A few years ago, IKEA sold their modernized version of the Dala Horse, a decorative wooden horse from Sweden. Originally carved as toys, Dala horses became items used for barter for household goods as their popularity grew. The earliest record of a Dala horse for sale is from 1623. Traditionally carved and painted by a handful of artisans, mass production of the Dala horse began in the 1930's after they were featured in the World Fair. The horses are carved and decorated in specific patterns according to the locality of their makers, meaning which village or valley. The most easily recognized Dala horses are the bright orange-red ones from Nusnas painted with a kurbit saddle . A kurbit is a vine and the tradition of painting the horses this way comes from the Biblical account of Jonah's struggles to understand why God would so freely forgive the sinful Ninevites. God caused a kurbit, or a vine to grow up and shade Jonah as he pouted on the hillside overlooking Nineveh. The wiggly painting on the saddle represents the kurbit.
I have a small collection of Dala horses (about 10), most of which I don't remember where I acquired. A couple came from my mom, one I bought over the phone from a gift shop in Westby, Wisconsin while on maternity leave, another came from my aunt.
The tiny little guy shown here is barely half an inch tall but Dalas come in a variety of sizes and colors.
I also have two Fjord horses from Norway. They are decorated with the traditional decorative painting of Norway called rosemaling. I personally prefer the Fjord horses, or Fjording horse, as that is my heritage and the rosemaling makes me think of my mom. She is a talented and creative lady and rosemaling has been around our home for as long as I can remember.

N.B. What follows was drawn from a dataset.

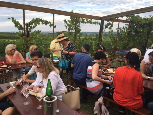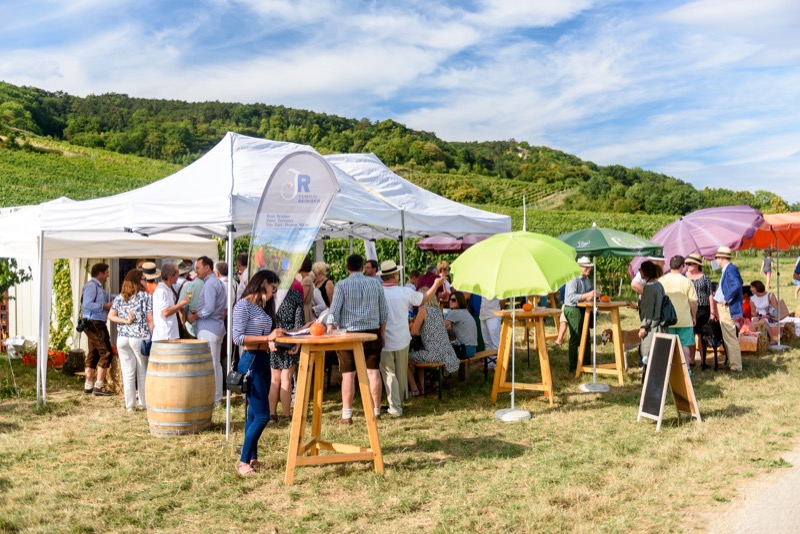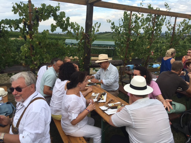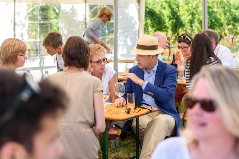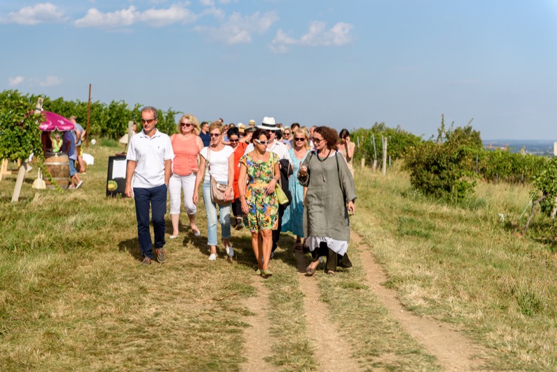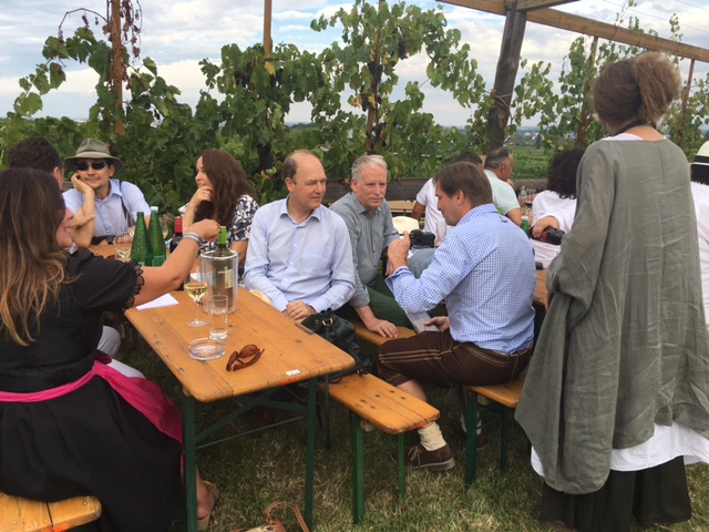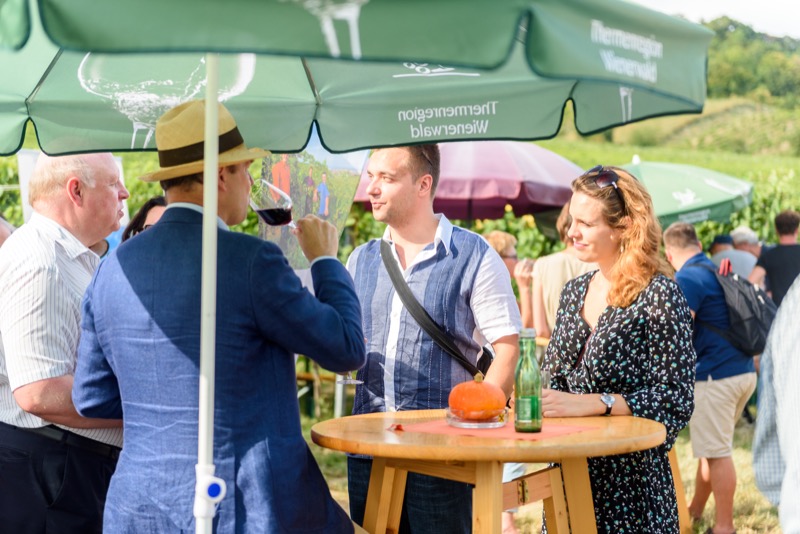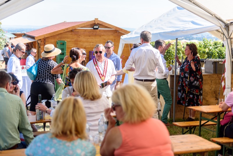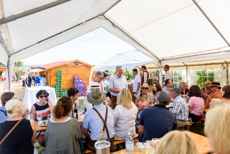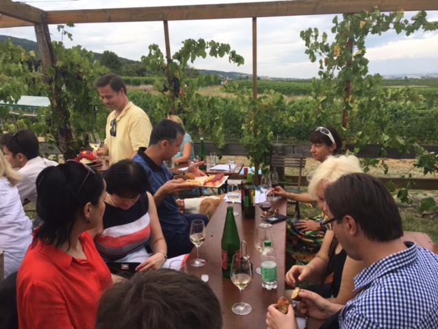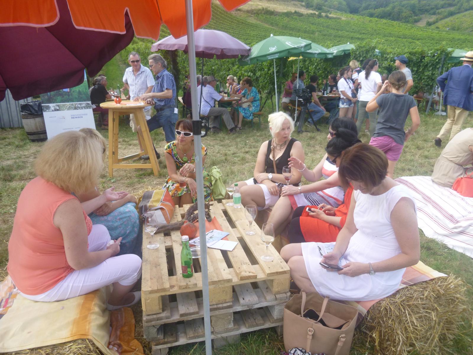 Wie schon in den Vorjahren fanden sich auch heuer wieder über 50 Gäste aus der Diplomatie ein, um bei herrlichem Wetter durch die Weingärten zu spazieren und die vorzüglichen Weine der Thermenregion sowie lokale Schmankerln zu geniessen.

Fjord horses are beautiful draft horses which originated in western Norway. They have a very distinctive build and while a small horse, they are strong enough for heavy farming but agile enough to be driven. Fjord horses also compete in dressage. They are beautiful, gentle tempered horses.
Photo from Tomasz Sienicki at Wikimedia Commons
So back in the 1990's IKEA marketed their version of the traditional Dala horse sporting a variety of paint jobs. I'm sorry that I don't have photos. One horse had a rose tattooed on its hindquarter, a tribal vine tattoo around a front leg, and a piercing in its ear. I had the academic horse- gray with a pair of Buddy Holly glasses, covered with a smattering of typeset characters. It was cute for awhile but eventually it ended up in the "been there, done that, moved on" cupboard for abandoned decorating accessories. Soon an idea began to germinate: if IKEA can decorate a Dala however they please, why can't I? Then came scrapbooking. Now, I'm not really a scrapbooker- I don't have that gene. But I love the paper. Last Halloween I decoupaged pumpkins with my patients using scrapbook paper and that's when I knew what to do with the literate looking horse in the closet.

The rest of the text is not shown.